• [Available data]
┄┄┄┄┄┄┄┄┄┄

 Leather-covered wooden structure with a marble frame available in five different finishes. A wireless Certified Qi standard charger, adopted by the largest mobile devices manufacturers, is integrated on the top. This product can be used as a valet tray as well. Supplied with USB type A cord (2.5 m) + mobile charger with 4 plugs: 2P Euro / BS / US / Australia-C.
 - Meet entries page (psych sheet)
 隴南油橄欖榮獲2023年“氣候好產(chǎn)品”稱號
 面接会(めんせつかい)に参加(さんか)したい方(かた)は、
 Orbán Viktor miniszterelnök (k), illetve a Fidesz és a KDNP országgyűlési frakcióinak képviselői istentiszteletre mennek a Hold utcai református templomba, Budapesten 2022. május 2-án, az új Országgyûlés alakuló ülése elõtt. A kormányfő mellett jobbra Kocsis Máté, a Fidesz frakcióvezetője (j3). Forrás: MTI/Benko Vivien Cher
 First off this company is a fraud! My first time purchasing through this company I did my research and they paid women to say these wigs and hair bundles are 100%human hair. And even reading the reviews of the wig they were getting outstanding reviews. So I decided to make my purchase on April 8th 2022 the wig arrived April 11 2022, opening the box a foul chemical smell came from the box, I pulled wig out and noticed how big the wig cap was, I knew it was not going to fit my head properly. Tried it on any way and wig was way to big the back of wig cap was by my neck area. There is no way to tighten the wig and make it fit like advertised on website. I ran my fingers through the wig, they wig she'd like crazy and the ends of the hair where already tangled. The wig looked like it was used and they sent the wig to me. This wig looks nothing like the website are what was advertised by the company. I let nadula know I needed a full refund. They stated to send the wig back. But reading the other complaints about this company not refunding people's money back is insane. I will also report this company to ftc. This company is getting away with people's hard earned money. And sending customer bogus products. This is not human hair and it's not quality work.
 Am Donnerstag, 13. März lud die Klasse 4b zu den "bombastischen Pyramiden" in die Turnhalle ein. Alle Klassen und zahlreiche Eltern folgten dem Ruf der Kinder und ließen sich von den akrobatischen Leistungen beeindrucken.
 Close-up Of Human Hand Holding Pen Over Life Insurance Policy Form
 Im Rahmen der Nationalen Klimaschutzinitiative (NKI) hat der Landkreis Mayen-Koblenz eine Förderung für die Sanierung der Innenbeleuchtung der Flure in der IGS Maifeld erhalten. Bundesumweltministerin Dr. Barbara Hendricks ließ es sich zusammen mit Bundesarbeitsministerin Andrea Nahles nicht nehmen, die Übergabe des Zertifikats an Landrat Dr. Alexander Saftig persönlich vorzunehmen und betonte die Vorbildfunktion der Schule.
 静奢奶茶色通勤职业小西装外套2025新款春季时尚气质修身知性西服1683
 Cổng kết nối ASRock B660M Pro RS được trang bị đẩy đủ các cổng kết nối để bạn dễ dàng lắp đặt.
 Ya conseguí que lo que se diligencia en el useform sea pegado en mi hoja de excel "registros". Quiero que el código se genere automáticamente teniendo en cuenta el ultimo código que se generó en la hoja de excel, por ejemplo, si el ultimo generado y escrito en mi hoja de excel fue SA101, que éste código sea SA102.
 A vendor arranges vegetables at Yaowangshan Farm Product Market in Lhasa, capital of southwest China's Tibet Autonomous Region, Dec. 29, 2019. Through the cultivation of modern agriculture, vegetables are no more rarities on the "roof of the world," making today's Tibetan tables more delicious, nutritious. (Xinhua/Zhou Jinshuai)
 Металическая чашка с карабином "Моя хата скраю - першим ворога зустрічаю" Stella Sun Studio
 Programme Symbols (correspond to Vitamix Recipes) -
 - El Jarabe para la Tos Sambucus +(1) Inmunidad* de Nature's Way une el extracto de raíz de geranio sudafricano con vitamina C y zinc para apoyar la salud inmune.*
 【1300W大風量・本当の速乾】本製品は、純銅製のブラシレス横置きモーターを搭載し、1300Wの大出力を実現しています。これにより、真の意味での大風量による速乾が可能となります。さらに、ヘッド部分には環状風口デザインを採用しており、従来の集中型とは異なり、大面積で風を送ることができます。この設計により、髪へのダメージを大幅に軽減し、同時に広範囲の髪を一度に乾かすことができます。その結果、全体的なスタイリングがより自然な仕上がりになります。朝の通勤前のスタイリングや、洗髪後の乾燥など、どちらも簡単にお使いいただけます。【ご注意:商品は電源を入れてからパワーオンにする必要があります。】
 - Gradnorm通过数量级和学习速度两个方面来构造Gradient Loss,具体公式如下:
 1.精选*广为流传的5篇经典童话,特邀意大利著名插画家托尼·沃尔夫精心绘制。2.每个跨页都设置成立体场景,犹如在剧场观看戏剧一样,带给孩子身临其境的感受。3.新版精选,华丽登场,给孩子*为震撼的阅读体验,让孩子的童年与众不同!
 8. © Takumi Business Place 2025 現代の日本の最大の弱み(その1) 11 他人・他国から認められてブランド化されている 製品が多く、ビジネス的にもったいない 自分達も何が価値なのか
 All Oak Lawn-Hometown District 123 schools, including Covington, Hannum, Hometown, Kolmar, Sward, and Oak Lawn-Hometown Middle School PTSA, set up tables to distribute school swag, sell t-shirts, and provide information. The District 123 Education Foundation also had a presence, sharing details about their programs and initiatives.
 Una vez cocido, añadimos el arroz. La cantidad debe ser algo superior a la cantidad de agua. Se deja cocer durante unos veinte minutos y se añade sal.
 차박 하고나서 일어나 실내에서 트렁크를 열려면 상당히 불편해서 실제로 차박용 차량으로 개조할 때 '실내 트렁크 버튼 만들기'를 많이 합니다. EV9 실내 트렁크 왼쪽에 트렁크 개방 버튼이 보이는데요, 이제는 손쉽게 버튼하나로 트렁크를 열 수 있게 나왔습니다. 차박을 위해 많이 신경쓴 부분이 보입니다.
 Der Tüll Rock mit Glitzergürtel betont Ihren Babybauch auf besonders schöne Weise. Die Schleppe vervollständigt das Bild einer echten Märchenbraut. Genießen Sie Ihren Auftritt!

┄┄┄┄┄┄┄┄┄┄

• [Goal of the exercise]
Which lines in the data above contain "sich"? Show each one.

• [Solution for this problem]
 Am Donnerstag, 13. März lud die Klasse 4b zu den "bombastischen Pyramiden" in die Turnhalle ein. Alle Klassen und zahlreiche Eltern folgten dem Ruf der Kinder und ließen sich von den akrobatischen Leistungen beeindrucken.
 Im Rahmen der Nationalen Klimaschutzinitiative (NKI) hat der Landkreis Mayen-Koblenz eine Förderung für die Sanierung der Innenbeleuchtung der Flure in der IGS Maifeld erhalten. Bundesumweltministerin Dr. Barbara Hendricks ließ es sich zusammen mit Bundesarbeitsministerin Andrea Nahles nicht nehmen, die Übergabe des Zertifikats an Landrat Dr. Alexander Saftig persönlich vorzunehmen und betonte die Vorbildfunktion der Schule.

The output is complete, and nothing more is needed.